I imagine that the LE POV would be that an uncooperative and resisting suspect could become highly dangerous to the LE at any time, simply by reason of proximity to the LEO’s weapons.
If the LEOs are seeing this type of resistance every day, then they are in danger every day.
Also, it is night time and there i autos traffic, which could also increase danger to the LEOs, the suspect, people in passing vehicles, pedestrians, and thhe general public.
I imagine that all these factors combine to allow the arresting LEO considerable latitude in how he or she makes an arrest and what weapon or weapons he/she chooses to make the arrest with.
This might be behind the constant barrage of responses to the effect that it is better to cooperate with an LEO instead of running, and resisting is an even worse idea.
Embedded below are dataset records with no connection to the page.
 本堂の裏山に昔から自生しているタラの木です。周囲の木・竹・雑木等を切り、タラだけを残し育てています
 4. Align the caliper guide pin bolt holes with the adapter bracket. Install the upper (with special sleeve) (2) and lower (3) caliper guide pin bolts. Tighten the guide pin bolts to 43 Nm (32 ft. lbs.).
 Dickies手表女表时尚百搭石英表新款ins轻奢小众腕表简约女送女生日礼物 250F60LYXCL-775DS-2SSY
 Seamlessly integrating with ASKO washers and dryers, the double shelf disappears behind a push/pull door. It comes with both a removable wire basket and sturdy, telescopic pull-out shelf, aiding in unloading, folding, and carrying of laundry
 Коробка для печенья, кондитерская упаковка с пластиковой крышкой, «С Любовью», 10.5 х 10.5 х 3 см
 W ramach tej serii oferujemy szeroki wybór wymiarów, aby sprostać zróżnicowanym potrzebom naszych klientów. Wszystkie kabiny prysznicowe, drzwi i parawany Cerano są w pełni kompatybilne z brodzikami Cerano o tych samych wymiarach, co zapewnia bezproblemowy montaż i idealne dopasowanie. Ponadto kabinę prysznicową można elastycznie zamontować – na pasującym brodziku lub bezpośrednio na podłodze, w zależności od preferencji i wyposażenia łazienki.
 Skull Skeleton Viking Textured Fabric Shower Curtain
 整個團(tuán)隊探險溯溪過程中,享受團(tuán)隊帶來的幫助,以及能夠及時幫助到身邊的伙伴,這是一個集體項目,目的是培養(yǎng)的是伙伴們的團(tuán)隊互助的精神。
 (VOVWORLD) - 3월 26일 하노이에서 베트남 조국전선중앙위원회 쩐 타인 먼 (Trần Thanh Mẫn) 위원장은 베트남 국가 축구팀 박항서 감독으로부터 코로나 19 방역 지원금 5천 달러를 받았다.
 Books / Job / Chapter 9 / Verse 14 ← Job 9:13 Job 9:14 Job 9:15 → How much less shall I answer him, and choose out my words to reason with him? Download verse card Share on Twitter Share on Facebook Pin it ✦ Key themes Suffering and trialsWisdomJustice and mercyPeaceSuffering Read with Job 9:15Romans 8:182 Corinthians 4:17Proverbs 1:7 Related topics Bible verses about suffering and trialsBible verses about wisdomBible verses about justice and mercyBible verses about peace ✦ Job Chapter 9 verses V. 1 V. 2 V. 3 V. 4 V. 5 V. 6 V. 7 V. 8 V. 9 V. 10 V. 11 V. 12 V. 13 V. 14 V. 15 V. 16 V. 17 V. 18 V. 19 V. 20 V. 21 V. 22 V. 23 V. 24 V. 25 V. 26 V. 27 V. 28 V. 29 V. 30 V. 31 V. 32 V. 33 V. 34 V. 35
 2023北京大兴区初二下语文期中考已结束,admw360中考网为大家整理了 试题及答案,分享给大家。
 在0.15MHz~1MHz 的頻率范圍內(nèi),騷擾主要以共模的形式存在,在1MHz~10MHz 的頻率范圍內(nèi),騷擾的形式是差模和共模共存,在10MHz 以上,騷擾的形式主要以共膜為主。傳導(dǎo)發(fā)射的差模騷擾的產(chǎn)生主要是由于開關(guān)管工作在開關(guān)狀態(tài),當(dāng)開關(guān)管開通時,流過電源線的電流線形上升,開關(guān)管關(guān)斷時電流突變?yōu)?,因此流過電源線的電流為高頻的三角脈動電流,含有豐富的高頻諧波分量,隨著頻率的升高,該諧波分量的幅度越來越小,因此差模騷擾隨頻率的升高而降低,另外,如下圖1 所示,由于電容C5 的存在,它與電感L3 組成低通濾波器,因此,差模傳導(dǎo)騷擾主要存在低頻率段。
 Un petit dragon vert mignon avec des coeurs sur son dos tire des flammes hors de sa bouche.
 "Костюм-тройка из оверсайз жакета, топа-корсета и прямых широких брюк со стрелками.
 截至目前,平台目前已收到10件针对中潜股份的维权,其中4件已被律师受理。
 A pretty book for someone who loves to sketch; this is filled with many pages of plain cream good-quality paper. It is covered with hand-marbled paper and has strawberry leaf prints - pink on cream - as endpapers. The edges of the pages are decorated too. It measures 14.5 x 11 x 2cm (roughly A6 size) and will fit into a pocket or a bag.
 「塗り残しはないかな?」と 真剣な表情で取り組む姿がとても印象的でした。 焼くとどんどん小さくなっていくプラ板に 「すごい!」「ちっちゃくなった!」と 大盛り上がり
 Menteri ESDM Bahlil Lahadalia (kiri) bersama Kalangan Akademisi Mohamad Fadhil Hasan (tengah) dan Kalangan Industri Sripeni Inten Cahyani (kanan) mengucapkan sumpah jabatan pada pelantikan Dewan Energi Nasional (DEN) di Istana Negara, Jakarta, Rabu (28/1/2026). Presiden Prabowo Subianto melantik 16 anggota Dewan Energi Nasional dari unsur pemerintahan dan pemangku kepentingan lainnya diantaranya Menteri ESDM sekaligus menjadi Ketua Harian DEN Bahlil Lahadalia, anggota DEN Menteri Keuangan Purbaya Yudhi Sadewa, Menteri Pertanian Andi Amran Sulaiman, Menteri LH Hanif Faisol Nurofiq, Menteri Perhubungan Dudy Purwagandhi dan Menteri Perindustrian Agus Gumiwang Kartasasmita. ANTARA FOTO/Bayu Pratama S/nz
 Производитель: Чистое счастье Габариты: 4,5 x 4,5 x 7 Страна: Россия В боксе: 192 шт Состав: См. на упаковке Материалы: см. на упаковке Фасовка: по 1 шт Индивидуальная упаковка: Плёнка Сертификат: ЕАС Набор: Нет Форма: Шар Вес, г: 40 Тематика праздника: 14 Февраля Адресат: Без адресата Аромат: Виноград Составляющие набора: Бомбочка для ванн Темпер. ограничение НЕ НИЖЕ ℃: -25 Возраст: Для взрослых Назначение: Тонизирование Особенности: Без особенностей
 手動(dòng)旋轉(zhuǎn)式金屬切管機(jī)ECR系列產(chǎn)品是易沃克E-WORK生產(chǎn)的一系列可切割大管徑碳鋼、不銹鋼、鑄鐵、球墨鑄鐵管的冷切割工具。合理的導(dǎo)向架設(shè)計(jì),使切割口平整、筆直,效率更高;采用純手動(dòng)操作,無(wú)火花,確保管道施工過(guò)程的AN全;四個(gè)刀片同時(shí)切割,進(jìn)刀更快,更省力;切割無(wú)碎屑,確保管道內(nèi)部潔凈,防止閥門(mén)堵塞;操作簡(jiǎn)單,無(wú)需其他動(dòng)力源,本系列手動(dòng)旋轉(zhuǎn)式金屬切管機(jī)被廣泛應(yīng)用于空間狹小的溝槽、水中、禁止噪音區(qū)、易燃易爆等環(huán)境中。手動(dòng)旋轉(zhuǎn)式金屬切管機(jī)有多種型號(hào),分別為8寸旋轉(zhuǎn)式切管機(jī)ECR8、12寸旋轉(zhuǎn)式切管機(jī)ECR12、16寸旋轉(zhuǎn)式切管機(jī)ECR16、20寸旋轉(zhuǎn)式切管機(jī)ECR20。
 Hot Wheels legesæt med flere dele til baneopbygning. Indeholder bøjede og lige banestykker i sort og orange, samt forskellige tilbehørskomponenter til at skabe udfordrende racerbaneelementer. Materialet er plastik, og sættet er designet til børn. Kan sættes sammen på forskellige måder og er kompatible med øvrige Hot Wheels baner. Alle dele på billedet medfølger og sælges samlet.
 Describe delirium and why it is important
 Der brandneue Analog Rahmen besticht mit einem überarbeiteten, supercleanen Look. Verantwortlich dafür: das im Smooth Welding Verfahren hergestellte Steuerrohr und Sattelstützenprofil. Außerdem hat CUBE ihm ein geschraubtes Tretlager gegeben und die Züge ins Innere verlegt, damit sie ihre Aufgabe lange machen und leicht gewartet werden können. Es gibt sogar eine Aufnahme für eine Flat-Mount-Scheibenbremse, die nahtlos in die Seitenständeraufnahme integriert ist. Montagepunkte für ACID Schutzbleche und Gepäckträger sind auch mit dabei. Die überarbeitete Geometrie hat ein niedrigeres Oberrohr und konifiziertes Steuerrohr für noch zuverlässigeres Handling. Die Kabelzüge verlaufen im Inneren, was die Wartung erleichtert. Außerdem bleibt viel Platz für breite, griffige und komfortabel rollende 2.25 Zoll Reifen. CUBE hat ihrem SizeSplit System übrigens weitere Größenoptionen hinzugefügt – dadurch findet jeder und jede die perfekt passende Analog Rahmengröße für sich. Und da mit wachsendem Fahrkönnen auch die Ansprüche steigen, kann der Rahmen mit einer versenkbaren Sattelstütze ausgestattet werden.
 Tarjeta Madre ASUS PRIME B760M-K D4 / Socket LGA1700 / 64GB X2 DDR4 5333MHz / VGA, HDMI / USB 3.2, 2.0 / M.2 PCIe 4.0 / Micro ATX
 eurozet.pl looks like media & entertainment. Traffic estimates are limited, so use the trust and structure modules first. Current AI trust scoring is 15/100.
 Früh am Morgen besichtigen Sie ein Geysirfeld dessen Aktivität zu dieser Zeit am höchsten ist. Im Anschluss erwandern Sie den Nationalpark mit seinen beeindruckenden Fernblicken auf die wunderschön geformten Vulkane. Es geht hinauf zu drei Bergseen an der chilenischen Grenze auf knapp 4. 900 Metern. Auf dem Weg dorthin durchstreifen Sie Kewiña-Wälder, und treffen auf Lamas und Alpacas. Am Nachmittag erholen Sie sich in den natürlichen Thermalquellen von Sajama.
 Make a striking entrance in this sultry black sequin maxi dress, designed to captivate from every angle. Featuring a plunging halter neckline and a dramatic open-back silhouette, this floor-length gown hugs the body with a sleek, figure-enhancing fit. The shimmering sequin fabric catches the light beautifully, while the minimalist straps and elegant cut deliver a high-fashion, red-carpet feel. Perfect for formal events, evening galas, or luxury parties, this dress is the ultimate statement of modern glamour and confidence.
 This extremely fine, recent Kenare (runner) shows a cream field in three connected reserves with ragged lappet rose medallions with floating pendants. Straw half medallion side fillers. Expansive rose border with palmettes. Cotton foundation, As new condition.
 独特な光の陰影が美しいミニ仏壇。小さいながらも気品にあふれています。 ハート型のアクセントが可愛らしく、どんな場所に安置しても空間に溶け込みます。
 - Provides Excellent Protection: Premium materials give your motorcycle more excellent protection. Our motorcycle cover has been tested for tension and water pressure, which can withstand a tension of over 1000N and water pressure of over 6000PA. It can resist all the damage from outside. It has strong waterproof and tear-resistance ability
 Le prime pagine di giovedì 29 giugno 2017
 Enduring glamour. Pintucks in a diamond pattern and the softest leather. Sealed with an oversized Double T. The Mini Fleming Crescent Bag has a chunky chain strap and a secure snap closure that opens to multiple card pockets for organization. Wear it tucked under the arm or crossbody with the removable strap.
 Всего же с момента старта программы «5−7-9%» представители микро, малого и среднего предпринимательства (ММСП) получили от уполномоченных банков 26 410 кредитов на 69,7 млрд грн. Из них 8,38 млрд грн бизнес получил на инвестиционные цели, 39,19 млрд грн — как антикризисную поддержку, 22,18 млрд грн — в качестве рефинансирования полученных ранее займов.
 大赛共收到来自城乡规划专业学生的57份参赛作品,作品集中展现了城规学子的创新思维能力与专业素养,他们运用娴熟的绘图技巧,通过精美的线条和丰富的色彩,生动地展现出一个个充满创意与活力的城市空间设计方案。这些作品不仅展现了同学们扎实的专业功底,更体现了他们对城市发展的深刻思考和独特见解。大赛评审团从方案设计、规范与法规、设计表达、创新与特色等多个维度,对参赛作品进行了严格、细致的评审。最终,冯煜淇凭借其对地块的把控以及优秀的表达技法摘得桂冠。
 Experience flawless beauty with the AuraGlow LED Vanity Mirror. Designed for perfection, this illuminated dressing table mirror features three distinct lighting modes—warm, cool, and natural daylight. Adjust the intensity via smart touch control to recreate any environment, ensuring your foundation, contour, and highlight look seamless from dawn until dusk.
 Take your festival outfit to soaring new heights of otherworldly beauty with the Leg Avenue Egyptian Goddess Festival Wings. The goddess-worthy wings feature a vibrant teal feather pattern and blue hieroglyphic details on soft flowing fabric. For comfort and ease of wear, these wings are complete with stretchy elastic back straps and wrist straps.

Generally, I am no fan of LE. However, I try to take the POV of LE before casting aspersions. It is essential to fair to everyone, suspect and LE alike.
“... it is better to cooperate with an LEO instead of running...resisting...”
Absolutely. That’s the difference between, “See about getting that broken windshield fixed this week, OK?” and going to jail for behaving stupidly. Usually, courtesy is responded to in kind.
But not always. The first speeding ticket I ever got (I’ve been driving 53 years and have two) the cop got me doing 35 in a 30 zone. Hoping for a break, I mentioned that it was going to spoil my clean record. His response? “Better yours than mine. Sign here.” That cop was a total jerk.
So thats what a cops job consists of? Controlling people?
Well it is part of it.
No. I am not in law enforcement.
A lot of these ghetto beasts would kill a cop for nothing. An officer has to be on high alert at all times.
Lots of brave cowboys on this site. Most police officers just want to do their job and make it home to his family.
It's right in front of you, but you don't see it.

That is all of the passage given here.